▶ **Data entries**

***

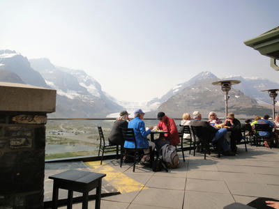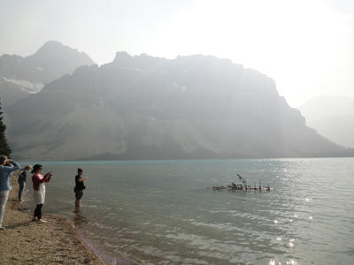 レイクルイーズをちらりと見ると、山々が煙っていてよく見えない。前に観光しておいてよかった。
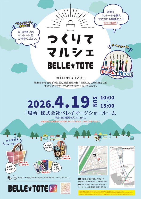 4月19日(日)に弊社ショールームにて、「つくりてマルシェ」を開催します。 BELLE★TOTEの販売会です。 5月のマルシェより、バッグの柄を一新するため現在のデザインの一部商品を特別価格でご用意いたします。 ご家族やご友人へのプレゼントにもおすすめです!! ご来場をお待ちしております(^^)/
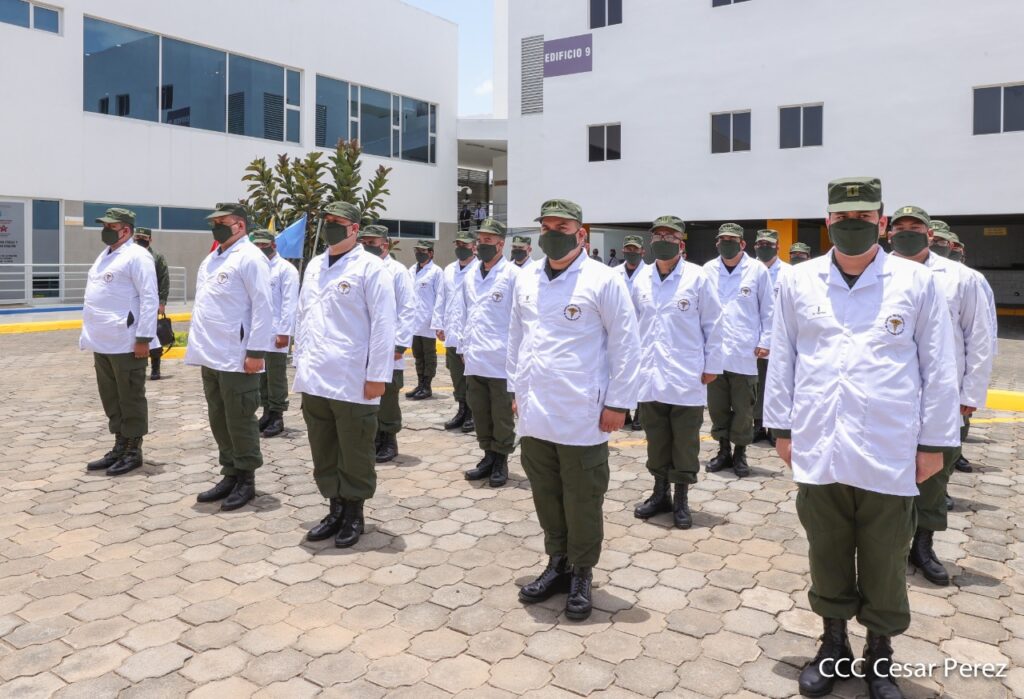 “El 19 de agosto del 79 se recibió de parte de la Cruz Internacional las instalaciones del antiguo Hospital Militar que integró la red de salud del naciente ejército, entonces Ejército Popular Sandinista, constituyéndose así los servicios médicos militares. En estos años, garantizando la atención médica a los miembros del Ejército de Nicaragua y de sus núcleos familiares, se ha venido desarrollando el Cuerpo Médico Militar en estos 46 años, modernizando y fortaleciendo capacidades institucionales, destacando el Hospital Escuela Dr. Alejandro Dávila Bolaños”, rememoró la Compañera Copresidenta Rosario Murillo.
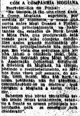 AO LADO: A supressão do trem misto do ramal de Pinhal prejudicou os habitantes de Mota Paes e de Nova Lousã (O Estado de S. Paulo, 11/7/1941). |
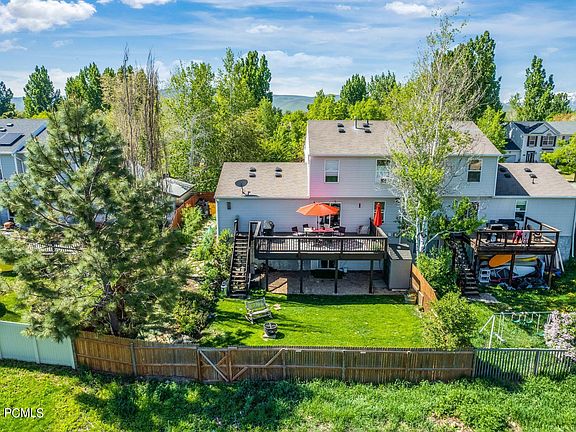 This cute home has one of the best locations in the neighborhood! It backs up to open space and dog park with 180-degree views of the mountains and beautiful horses in the pasture! The large deck is made for relaxing outside and enjoying the views. This home has many recent upgrades including: new LVP flooring on all 3 levels, new paint, new fans, new front door, water heater, water softener, microwave and more! The main level has a large family room and kitchen/dining area which leads to that amazing deck. Two spacious bedrooms upstairs and two full baths and then another large bedroom and bathroom in the basement with a gas fireplace, which could also be a family room if you didn't need another bedroom. The basement also has a sliding glass door out to the covered area under the deck and lovely fully fenced backyard. The spacious 2 car garage has lots of storage racks to keep all your things! Only 12 minutes to Jordanelle Reservoir, Deer Valley Gondola, and the new Mayflower Mountain Resort. You won't a find another home with a view like this for this price.

***

▶ **WHAT YOU SHOULD DO**
Every line above should be copied exactly, apart from any pictures.

▶ **RESPONSE TO THE TASK**
 レイクルイーズをちらりと見ると、山々が煙っていてよく見えない。前に観光しておいてよかった。
 4月19日(日)に弊社ショールームにて、「つくりてマルシェ」を開催します。 BELLE★TOTEの販売会です。 5月のマルシェより、バッグの柄を一新するため現在のデザインの一部商品を特別価格でご用意いたします。 ご家族やご友人へのプレゼントにもおすすめです!! ご来場をお待ちしております(^^)/
 “El 19 de agosto del 79 se recibió de parte de la Cruz Internacional las instalaciones del antiguo Hospital Militar que integró la red de salud del naciente ejército, entonces Ejército Popular Sandinista, constituyéndose así los servicios médicos militares. En estos años, garantizando la atención médica a los miembros del Ejército de Nicaragua y de sus núcleos familiares, se ha venido desarrollando el Cuerpo Médico Militar en estos 46 años, modernizando y fortaleciendo capacidades institucionales, destacando el Hospital Escuela Dr. Alejandro Dávila Bolaños”, rememoró la Compañera Copresidenta Rosario Murillo.
 AO LADO: A supressão do trem misto do ramal de Pinhal prejudicou os habitantes de Mota Paes e de Nova Lousã (O Estado de S. Paulo, 11/7/1941). |
 This cute home has one of the best locations in the neighborhood! It backs up to open space and dog park with 180-degree views of the mountains and beautiful horses in the pasture! The large deck is made for relaxing outside and enjoying the views. This home has many recent upgrades including: new LVP flooring on all 3 levels, new paint, new fans, new front door, water heater, water softener, microwave and more! The main level has a large family room and kitchen/dining area which leads to that amazing deck. Two spacious bedrooms upstairs and two full baths and then another large bedroom and bathroom in the basement with a gas fireplace, which could also be a family room if you didn't need another bedroom. The basement also has a sliding glass door out to the covered area under the deck and lovely fully fenced backyard. The spacious 2 car garage has lots of storage racks to keep all your things! Only 12 minutes to Jordanelle Reservoir, Deer Valley Gondola, and the new Mayflower Mountain Resort. You won't a find another home with a view like this for this price.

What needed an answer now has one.